The Mainframe Analyzer does not take into account the IMS/DC transaction manager. Accesses to this transaction manager are also made via the CBLTDLI technical sub-program and associated to PSB files. It is not really possible to know if a program works with IMS/DC or with IMS/DB by looking at the source code. It is necessary to look at the PSB associated to the COBOL program. If this PSB contains a first PCB that is not typed as a DB PCB, then you can be sure that the program makes access to IMS/DC.
If the program works with IMS/DB, then you need to obtain the DBD and the PSB files associated to the IMS databases accessed by programs. You can search for the DBD using the "DBD[ ]+NAME=" string.

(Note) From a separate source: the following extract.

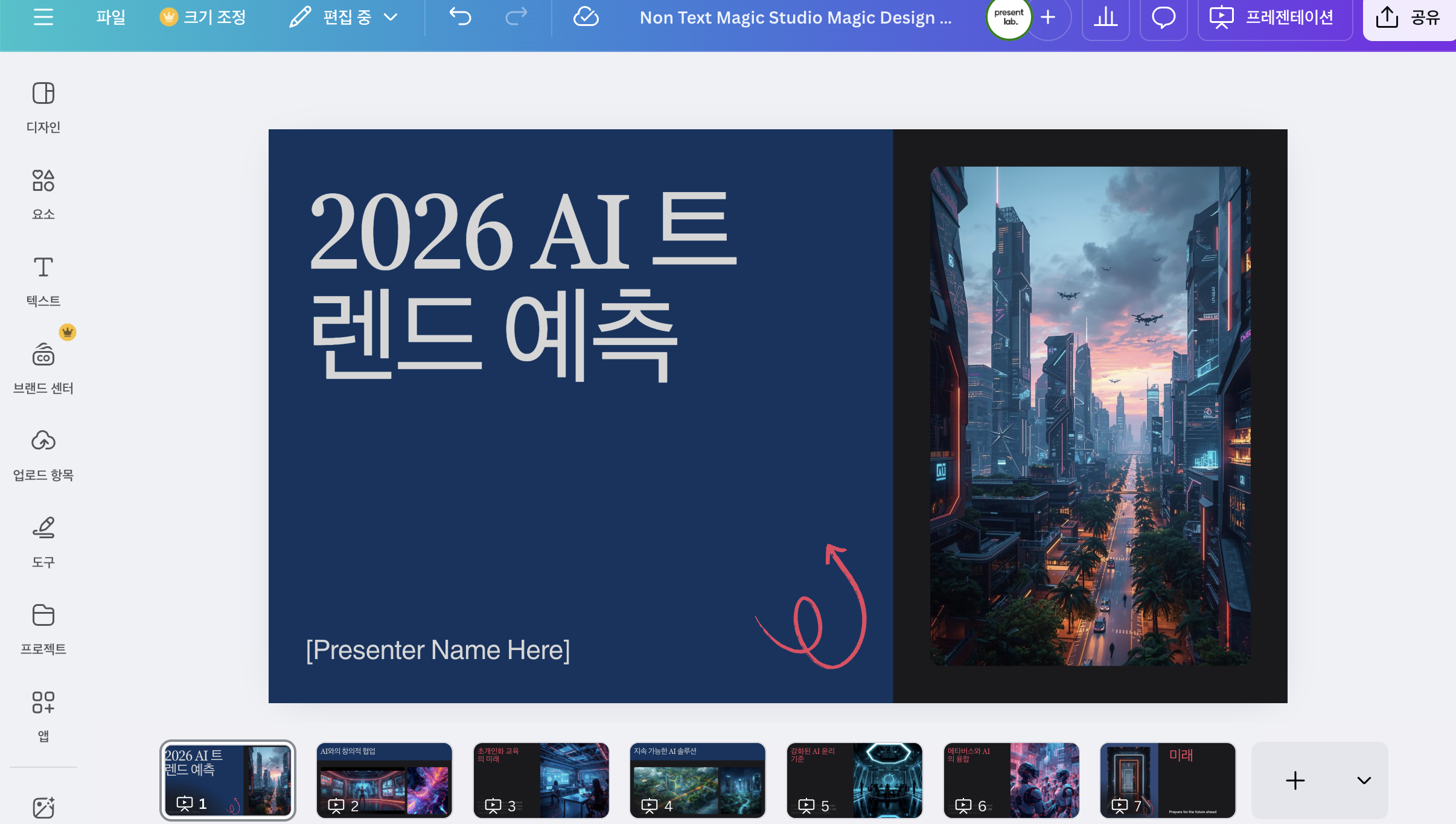 이렇게 만든 PPT는 바로 공유하거나, 곧장 슬라이드 화면으로 넘어가 발표에 사용할 수 있어요.

Figure 9 - DBD source code example.
You can search for the PSB by using the "PCB[ ]+TYPE=" and "PSBGEN" or "PSBNAME" strings.
PSB source code example.
If you do not have the PSB and the associated DBD then it will be impossible for the Mainframe Analyzer to recognize the database elements accessed by the programs and it will not be able to create the corresponding links. The analyzer will indicate these missing components in the log file/window.

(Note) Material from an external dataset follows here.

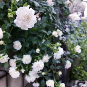 ちょっと目を離すとぐんぐん伸びるシュート😅 狭いお庭が鬱蒼としてきたのでちょっとがっつり切ったほうがいいのかなと 剪定ほーんとわからない💦 picは少し前の ミニバラ スノーシャワーさんです🌹
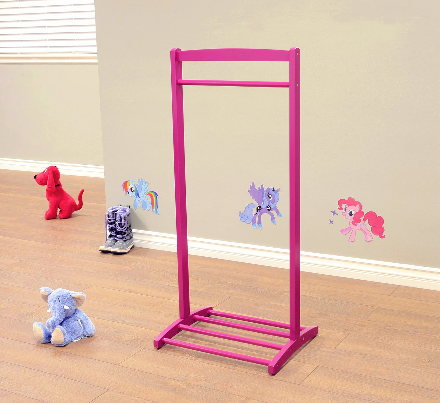 • Q: Can this clothes hanger be used outdoors? A: It is primarily designed for indoor use, particularly in children's rooms or entryways.

Step 2: Create the application in the CAST Management Studio
Analyzing mainframe applications can be done easily by using CAST Management Studio. Following steps describe how to do this in the Regular mode. A separate section will explain how to configure analysis settings in Expert mode.
The first thing to do in CAST Management Studio is to have an application through which you can analyze the mainframe source code. If your application has a database part, then you can also add the corresponding Analysis Unit into the CAST Management Studio application object.
Either the application already exists and you only have to add mainframe source code packages, or it does not and then you must create it. To do that, you must either right-click on the Application tree-view and select the Add Application item or push the associated button:
The Add application dialog appears and allows you to create the new application in CAST Management Studio. You must set a name to your application and decide if you want to manage its content directly from CAST Management Studio or if you want to register it in AIC Portal.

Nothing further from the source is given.